Brando was playful and mischievous and often self-important, and the content of his interviews with journalists aren’t that reliable. But it’s clear that he isn’t BSing in these solitary recordings. He is open about his character flaws and their origin in his family background – a brute of a father and a sweet but erratic alcoholic mother.

Speaking in the third person, Brando describes himself as “a troubled man alone…confused”. Listen to Me Marlon is filled with nuggets:

  • On his upbringing: “My father is never going to come near that child (his first son Christian) because of what he did to me”.
  • On his art: “you want to stop that motion from the popcorn to the mouth. The Truth will do that.”
  • On the womanizing that broke up his first marriage “The beast aspect of my personality held sway”.
  • On the execrable Candy: “the worst movie I ever made” (drawing knowing chuckles from the audience).

Some of the tapes even record self-hypnosis as he battles obesity. And there’s a VERY COOL digitized talking Brando head, swirling around in blue pixels as he expounds.

There are also two outtakes where we SEE Brando’s womanizing in action as he comes on to attractive interviewers. We can recognize the instant that, as he says, he starts “thinking with his penis” and launches his flirtatious charm.

I saw Listen to Me Marlon at the San Francisco International Film Festival, where it will screen again this week. Director Riley spoke at the screening, as did noted film historian David Thomson and Brando’s children, Rebecca Brando and Miko Brando.

Rebecca Brando credits Riley for the film’s “humanity” as it treats Brando’s “childhood pain”. Miko Brando pointed out that the flashing lights in some clips came from the bio-feedback machine that Brando used at night. “He went to work as a movie star and came home – not a movie star – just a father”, said Miko, who had just seen the film for the second time.

David Thomson spoke of Brando’s “momentous” and truthful Method as the birth of “genuinely American approach to acting” and its effect on cinema: “the method is made for the close-up” because “if you are agonizing over what to say”, the audience needs to be close enough to see it.

Stevan Riley made the most of his access to the tapes – it’s a masterful job of selection and editing.   Listen to Me Marlon opens tomorrow in theaters, and I expect it to eventually play on Showtime.

DVD/Stream of the Week: THE SECRET IN THEIR EYES – see the real Oscar winner before the Hollywood version

Ricardo Darin in THE SECRET IN THEIR EYES
Ricardo Darin in THE SECRET IN THEIR EYES

The superb The Secret in Their Eyes (El Secreto de Sus Ojos) won the 2010 Oscar for Best Foreign Language Picture. The Hollywood remake is coming out this fall, but you should first see the original. The Secret in Their Eyes is a police procedural set in Argentina with two breathtaking plot twists, original characters, a mature romance and one breathtaking, “how did they do it?” shot. The story centers on a murder in Argentina’s politically turbulent 1970s, but most of the story takes place twenty years later when a retired cop revisits the murder.

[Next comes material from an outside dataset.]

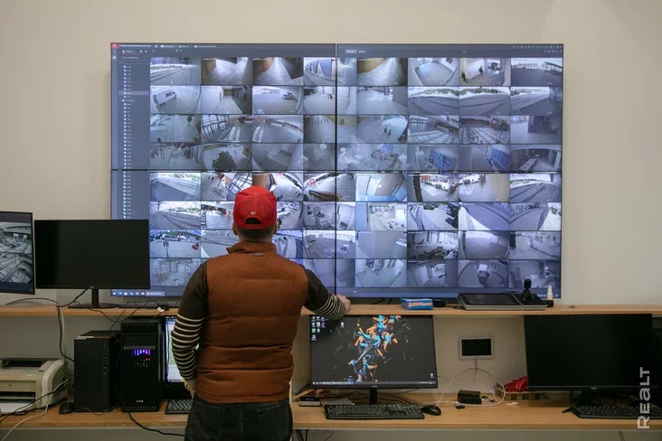 Na ŭsich fota tolki 3 milicyjaniery ŭ čornym, 2 achoŭnika ŭ błakitnym i 1 apieratar videanazirańnia. Ludziej niama.

Veteran Argentine actor Ricardo Darin shines once again in a Joe Mantegna-type role. Darin leads an excellent cast, including Guillermo Francella, who brings alive the character of Darin’s drunk assistant. Darin’s detective is a solitary guy who retracts into his lair to bang away at a novel. He has feelings for his boss, a tough judge played by Soledad Villamil. Her career and her personal life can’t wait for the detective to get his own stuff together. All three characters throw themselves into solving the murder and, when stymied, are all scarred by the lack of resolution.

The movie is titled after one element that I hadn’t seen before in a crime movie.  And then there are the major plot twists.  The final one is a jaw-dropper.

Director Juan Jose Campanella received justifiable praise for the amazing shot of a police search in a filled and frenzied soccer stadium. It ranks as one of the great single shots of extremely long duration, right up there with the opening sequence of Touch of Evil, the kitchen entrance in Goodfellas and the battle scene in Children of Men. This shot alone makes watching the movie worthwhile.

Filmmaker Billy Ray has remade the Argentine film as Secret in Their Eyes, to be released October 23 starring Nicole Kidman, Julia Roberts and Chiwetelu Ejiofor. Ray is no hack – he’s adapted the screenplays for Shattered Glass (which he also directed), Captain Phillips and the first The Hunger Games. The plot has been turned into a story about thee US federal law enforcement officials and the murder of one of their children; unfortunately, the trailer looks more like a plot-driven Law & Order, with none of the characters as singular or as memorable as in the Argentine original. We shall see.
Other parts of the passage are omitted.